Building your own DB Copilot for Azure SQL with Azure OpenAI GPT-4

Valentina Alto

Large Language Models (LLMs) have proven exceptional capabilities in chatting with unstructured, text data. But what if we want to interact with structured data?

To do so, we will need to build an LLM-powered Agent which is able to reason over structured data, in our specific case an Azure SQL DB. Luckily for us, we don’t have to build this connection from scratch.

LangChain, a lightweight library which make it easy to embed and orchestrate LLMs within applications, provides a set of toolkits to make Agents capable of connecting and execute actions over external tools.
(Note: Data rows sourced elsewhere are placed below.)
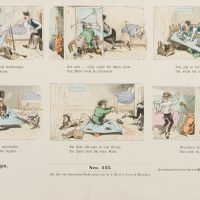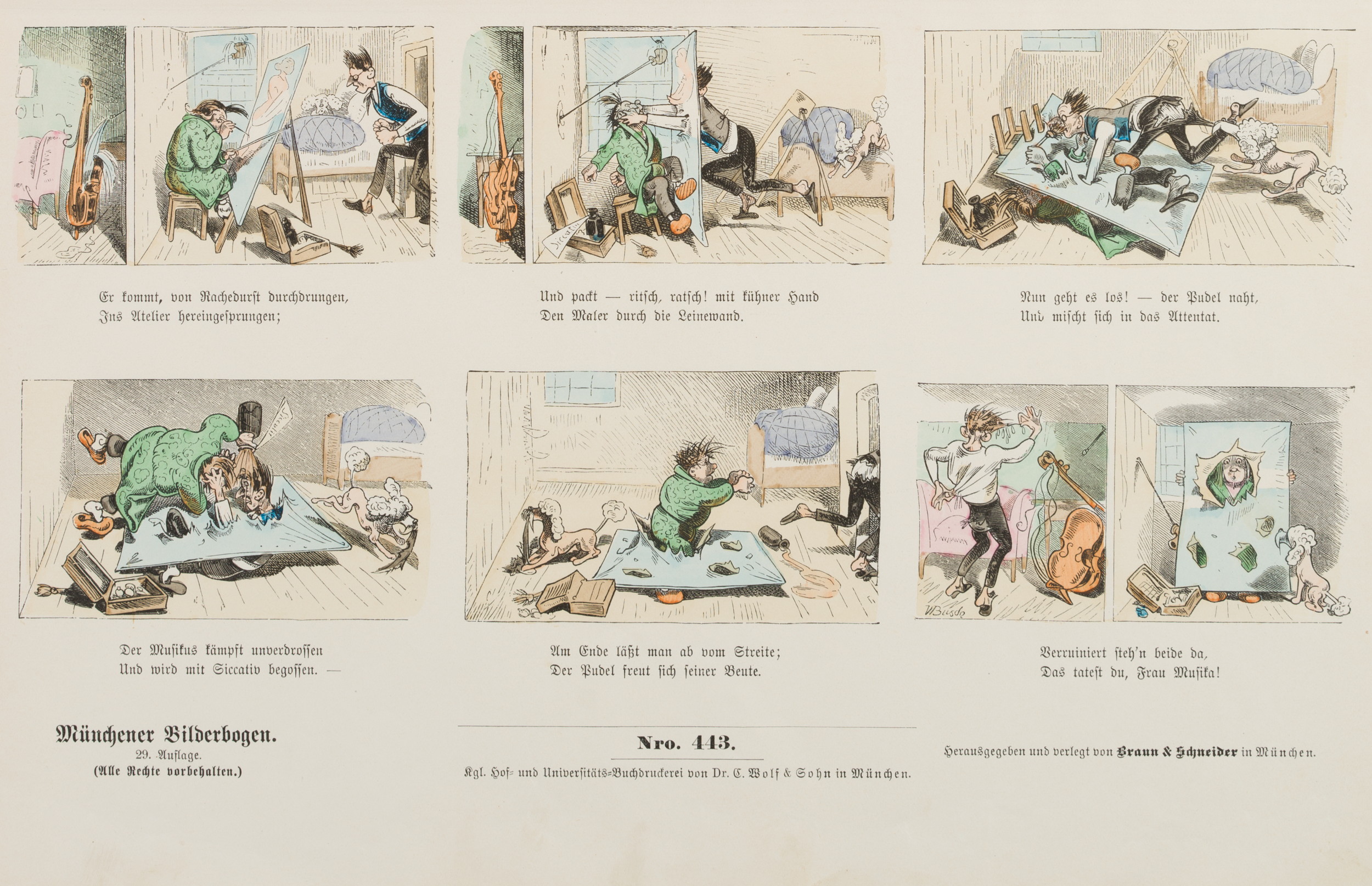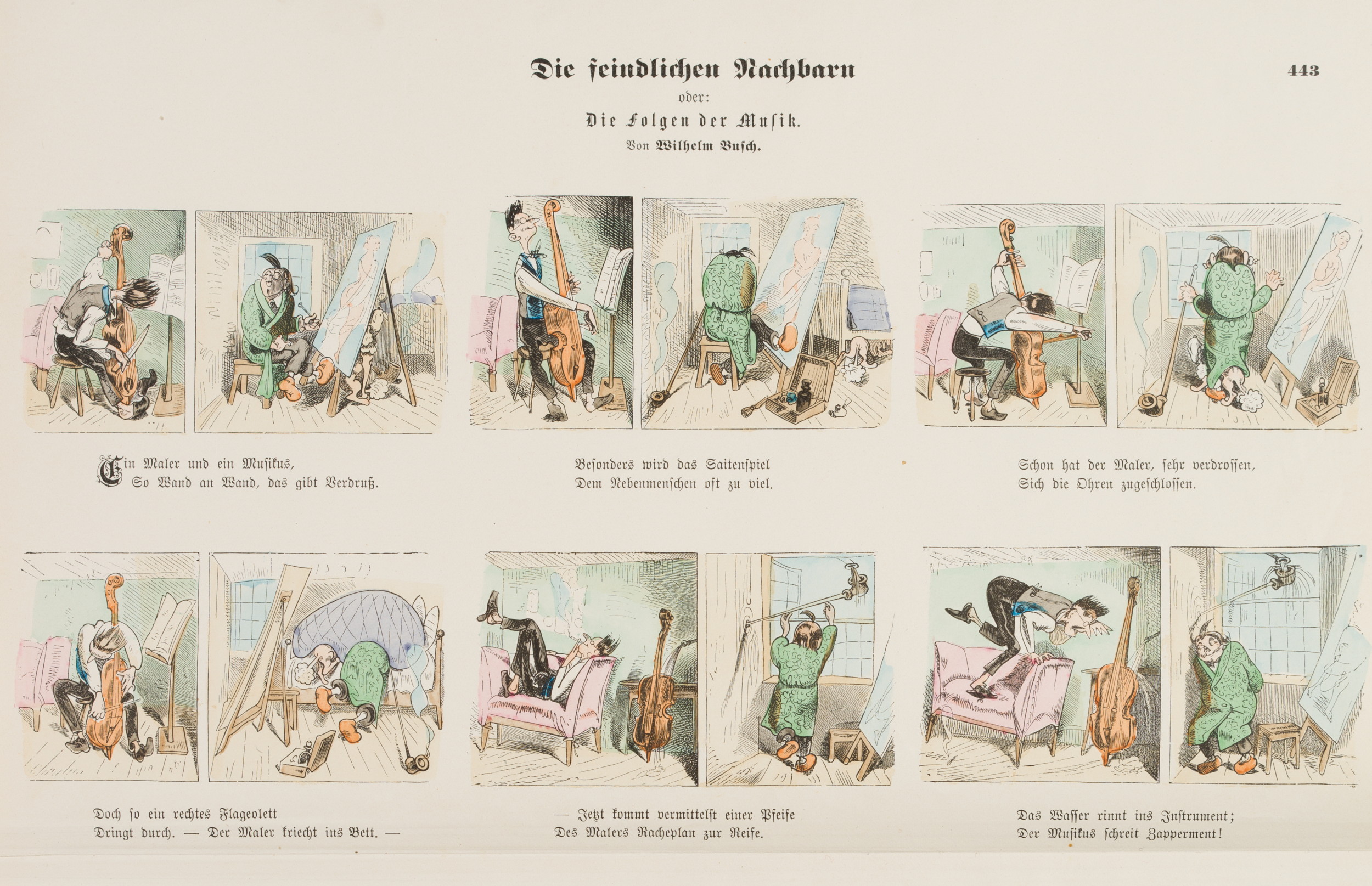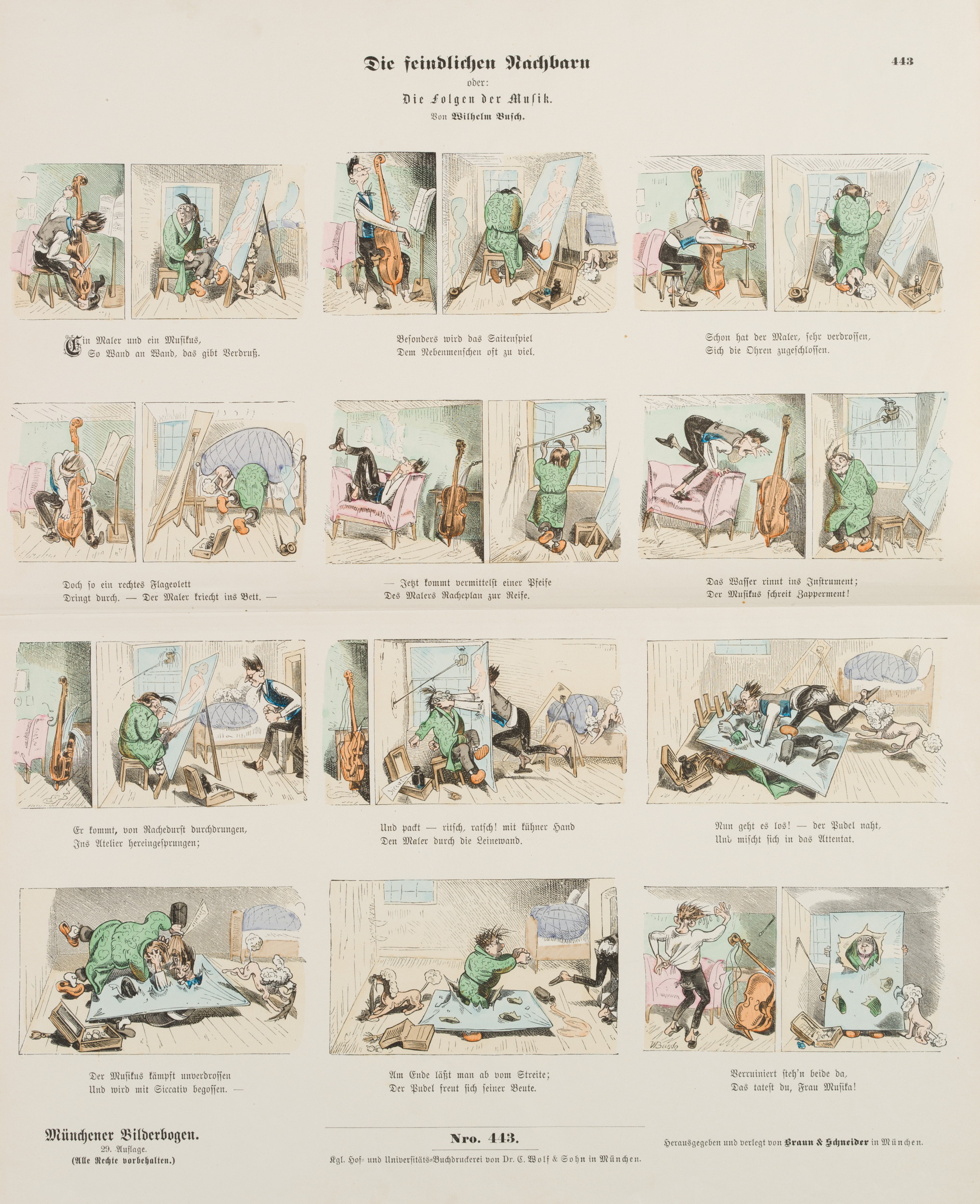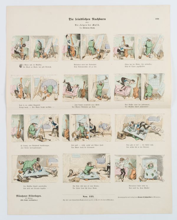 - Inscription: Upper middle inscribed in the printing plate: “Die feindlichen Nachbarn oder: Die Folgen der Musik | Von Wilhelm Busch | 443”. Lower middle numbered in the printing plate: “Nro. 443”.
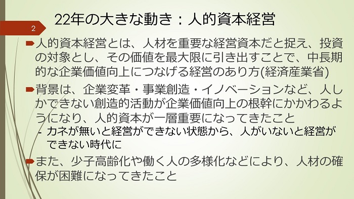 2022年の人事の動きを振り返ると、「人的資本経営」がビッグワードであったと言えるでしょう。人的資本経営とは、人材を重要な経営資本だと捉え、投資の対象とし、その価値を最大限に引き出すことで、中長期的な企業価値向上につなげる経営のあり方です。
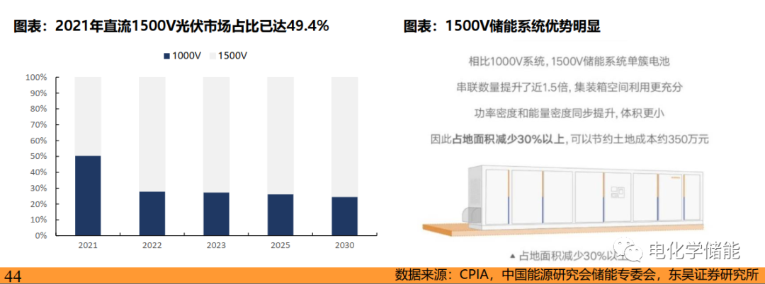 1500V儲能系統優勢明顯,1500V系統核心產品為1500V儲能PCS。1500V儲能系統的能量密度、功率密度將在原來的基礎上可提升35\%+,系統成本降低5\%+,系統效率提高0.3\%+。40尺的集裝箱+280Ah的電芯下,1000V的電池最大裝機容量為3.3MWh,1500V可以提高到4.5MWh,除了PCS、電池、輔助配件成本可以減少外,人工、地基和土地成本也會大幅下降。近期大型項目,1500V滲透率已超過2/3。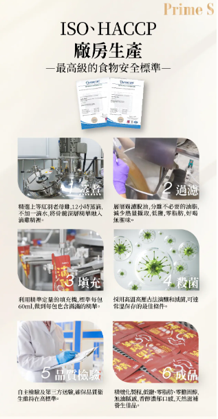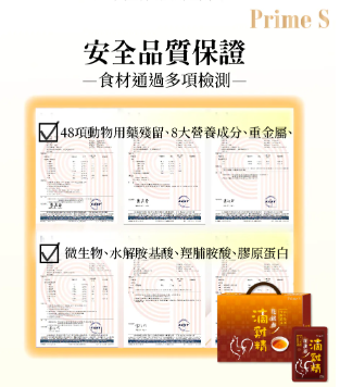 安全品質保證:食材已通過多項檢測,包括48項動物用藥殘留、8大營養成分、重金屬、微生物、水解胺基酸、羥脯胺酸、膠原蛋白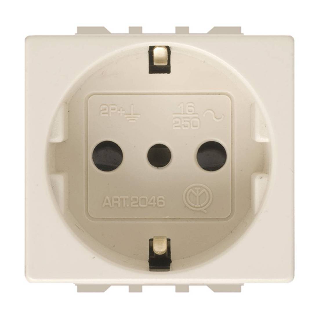 Presa Unel 2 poli + terra centrale con sicurezza. Standard italiano P30. Compatibile con tutta la serie Laser (Click, Alluminio, Vero Legno, Tondò e Tocco) e con le serie Magic International Bticino. Certificazione IMQ.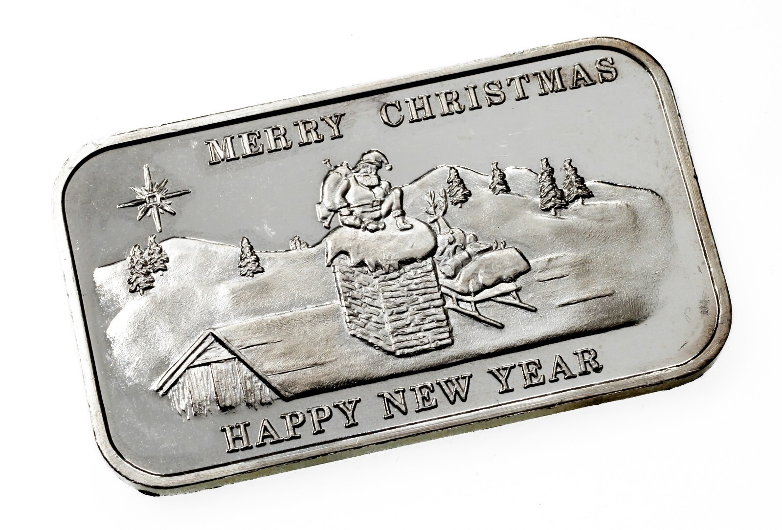 1984 Merry Christmas Happy New Year By TENTEX Mint - 1 oz. Silver Art Bar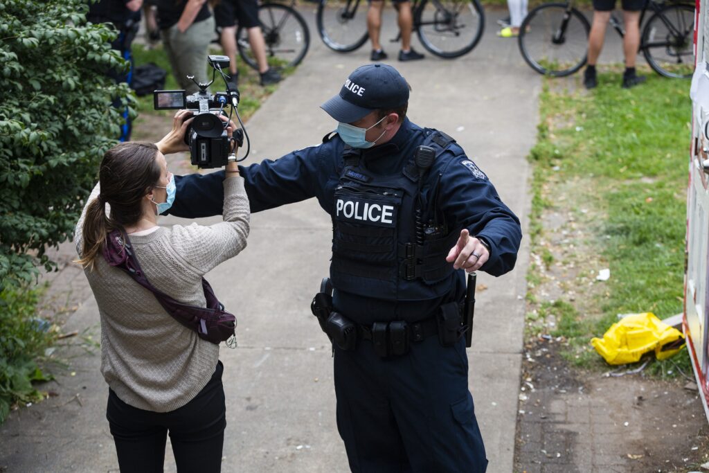 哈利法克斯地区警察。周三早上,卡尔·麦克弗试图用身体移动CTV记者萨拉·普洛曼,当时她正试图拍摄警察逮捕她的过程。现场的警察多次威胁要逮捕记者,并试图控制他们的行动。-照片:赞恩·伍德福德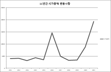 | 년도 | 시가총액 | 전년대비 변동률 |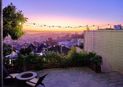 New access stairs from street level give way to the lower garden: a new deck nestled under the cantilevered house, basalt-paver sun patio with fire pit, a secret fern grotto, and more.

In my latest article, we’ve seen how, among the tools LangChain provides out of the box, LLM-powered agents are able to connect and use Azure Cognitive Services skills. In this article, we will use the same framework to connect over an Azure SQL DB where we will upload the Titanic dataset (you can download it from Kaggle here).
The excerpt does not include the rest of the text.